Who in their right mind would want to book interstate travel right now? At any time you can find yourself in quarantine in another city with no idea when you’ll be getting home.
Border lockdown roulette is heartbreaking for the travel industry, which has been pleading for a JobKeeper extension to prevent an estimated 60 per cent of its jobs being wiped out.
Our international border is closed indefinitely. And our state borders continue closing at very short notice.
JobKeeper wage subsidies are set to end late next month, and if the government doesn’t extend this program it should do something else to save tourism, which is usually a $45 billion export industry.
If Prime Minister Scott Morrison – a former Tourism Australia boss – lets the sector collapse we will lose a huge amount of experience and expertise and be unprepared for the eventual rebound.
I reckon he’ll come to the party with an assistance package in the coming weeks.
Australia certainly can afford it. Despite our ballooning national debt, repayments are still relatively cheap thanks to record-low interest rates.
Our economy is doing better than first feared. Our unemployment rate is lower than first feared. We’ve managed the pandemic better than most countries on the planet.
The Federal Government has done a great job controlling COVID and keeping the economy afloat, and it would be a huge shame to neglect one of our strongest export industries that is suffering through no fault of its own.
No industry has suffered more than tourism. Sectors such as education are doing it tough too but still have paying students.
Other businesses are booming, sending extra tax dollars our governments.

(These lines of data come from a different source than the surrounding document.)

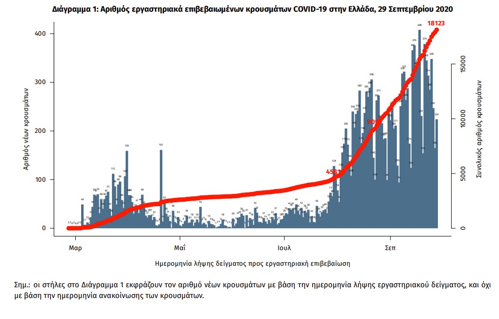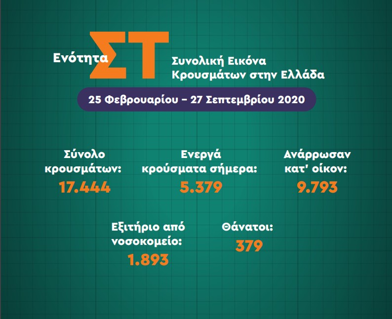 Σύμφωνα με ενημέρωση του υπουργείου Υγείας, από τις 25 Φεβρουαρίου μέχρι τις 27 Σεπτεμβρίου έχουν καταγραφεί 17.444 κρούσματα, εκ των οποίων τα 5.379 είναι ενεργά.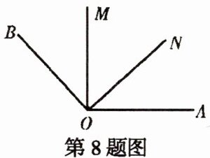 8. 如图所示,$∠MON= 48^{\circ}$,$OA⊥OM$,$OB⊥ON$,则$∠AOB= $______。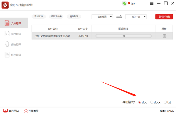 第四步、接下来,在操作界面右下角,我们还能选择翻译后导出的文件格式,大家可根据需要选择勾选。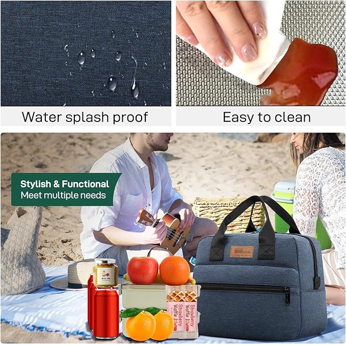 HOMESPON Insulated Lunch Bag for Women Men Lunch Box Cooler Lunch Tote for Work Picnic (Navy)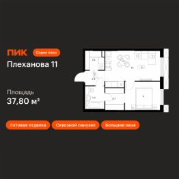 Продаётся 1-комн. квартира площадью 37,8 кв.м на 21 этаже 31 этажного дома (Корпус 1.5, Секция 5) проекта ПИК Плеханова 11. Светлый просторный подъезд на уровне земли, функциональная планировка, большие окна, c отделкой.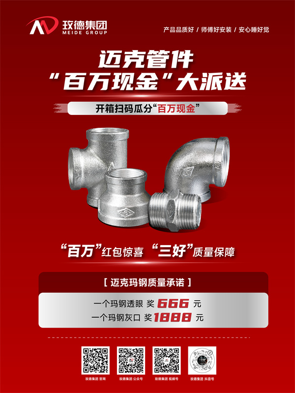 即日起,凡購買玫德集團邁克牌瑪鋼、溝槽管件,有機會參與開箱掃碼瓜分 “百萬現金” 活動!

That money should be used to keep the tourism sector alive until the border closures stop for good.
There will always be critics of government handouts, but you can’t blame the tourism sector. They are getting the rug pulled out from under them, again and again and again.
I’ve vowed not to travel interstate this year after getting burnt twice in 2020.
First, a two-week Himalayan trek in early March became seven weeks stranded – including four isolated in hotels in Kathmandu and Brisbane. Next, a short Queensland holiday was hit by multiple delays and cancellations after SA’s November COVID outbreak, but other families have had much worse experiences.
Since November there have been major lockdowns and border closures in Queensland, New South Wales, Victoria and Western Australia, Brisbane, and last week’s latest Melbourne cluster has put trigger-happy state health ministers on high alert again.
Aussies love to travel, and we’re renowned globally for our wanderlust.
But we can’t wander internationally until who knows when, and the gamble of trying to holiday domestically has become too risky for many.
An increasing number of people are leaving their suitcases at home for rest of 2021, so let’s not leave one of our best industries out in the cold.